> **PROBLEM STATEMENT**: Everything in the data must be repeated exactly, apart from the pictures, which are left out.

> **SUPPLIED MATERIAL**:
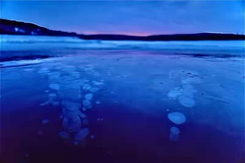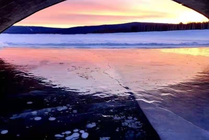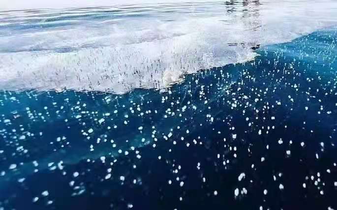 目前,漠河觀音山景區的蓮花湖湖面已完全封凍,冰層最厚的地方已超過60厘米,透過晶瑩剔透的冰面,可以看到一串串潔白的氣泡分布在冰層之中,形成惟妙惟肖的冰泡奇觀。這些冰泡晶瑩剔透、造型奇特,有的形似「飛碟」一飛沖天,有的形似「珊瑚」美輪美奐,形態各異......如一幅幅精美的冰雪藝術畫卷,吸引眾多攝影家和遊客慕名而來,成為漠河冬季火爆的打卡地點。
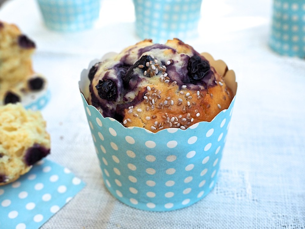 These muffins are my ideal solution to the wet and blistery day ahead of me, a perfect mixture of moist, diary free cake enhanced by precious blueberries and chia seeds, my go-to health boosters. You can use gluten free flour if you are so inclined and reduce the, already low, quantity of sugar of swap it altogether with honey or other natural sweeteners, although I wouldn’t recommend stevia or natvia as they can leave a strange aftertaste. Over to you and your need to lift up your mood!
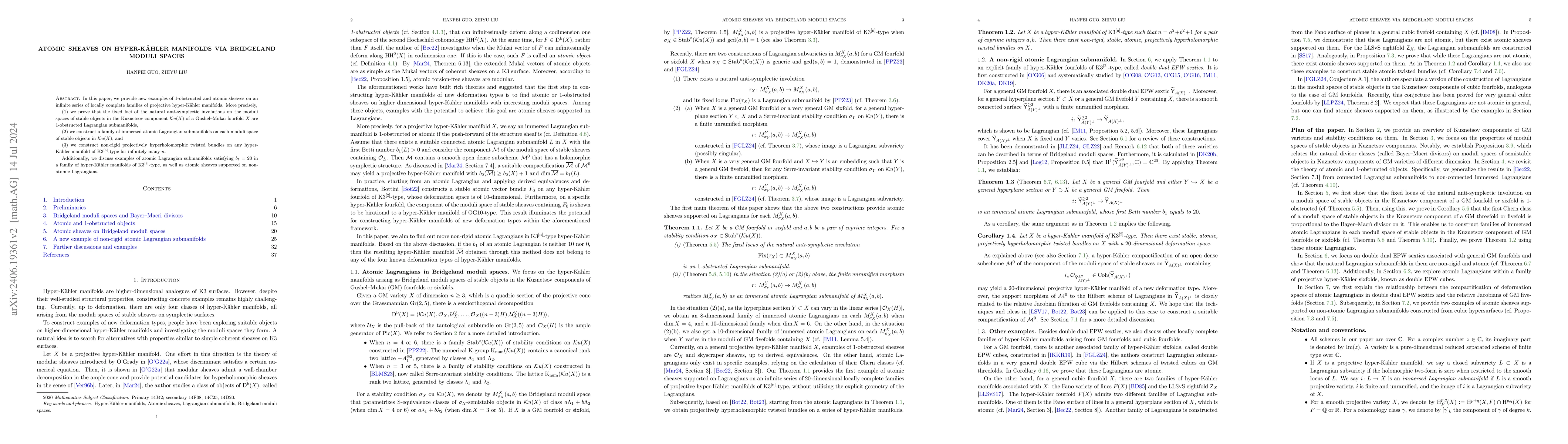 This paper introduces new examples of 1-obstructed and atomic sheaves on projective hyper-Kähler manifolds, specifically showing that fixed loci of anti-symplectic involutions on moduli spaces of stable objects are 1-obstructed Lagrangian submanifolds, and constructs immersed atomic Lagrangian submanifolds on these moduli spaces.

> **ANSWER**:
 目前,漠河觀音山景區的蓮花湖湖面已完全封凍,冰層最厚的地方已超過60厘米,透過晶瑩剔透的冰面,可以看到一串串潔白的氣泡分布在冰層之中,形成惟妙惟肖的冰泡奇觀。這些冰泡晶瑩剔透、造型奇特,有的形似「飛碟」一飛沖天,有的形似「珊瑚」美輪美奐,形態各異......如一幅幅精美的冰雪藝術畫卷,吸引眾多攝影家和遊客慕名而來,成為漠河冬季火爆的打卡地點。
 These muffins are my ideal solution to the wet and blistery day ahead of me, a perfect mixture of moist, diary free cake enhanced by precious blueberries and chia seeds, my go-to health boosters. You can use gluten free flour if you are so inclined and reduce the, already low, quantity of sugar of swap it altogether with honey or other natural sweeteners, although I wouldn’t recommend stevia or natvia as they can leave a strange aftertaste. Over to you and your need to lift up your mood!
 This paper introduces new examples of 1-obstructed and atomic sheaves on projective hyper-Kähler manifolds, specifically showing that fixed loci of anti-symplectic involutions on moduli spaces of stable objects are 1-obstructed Lagrangian submanifolds, and constructs immersed atomic Lagrangian submanifolds on these moduli spaces.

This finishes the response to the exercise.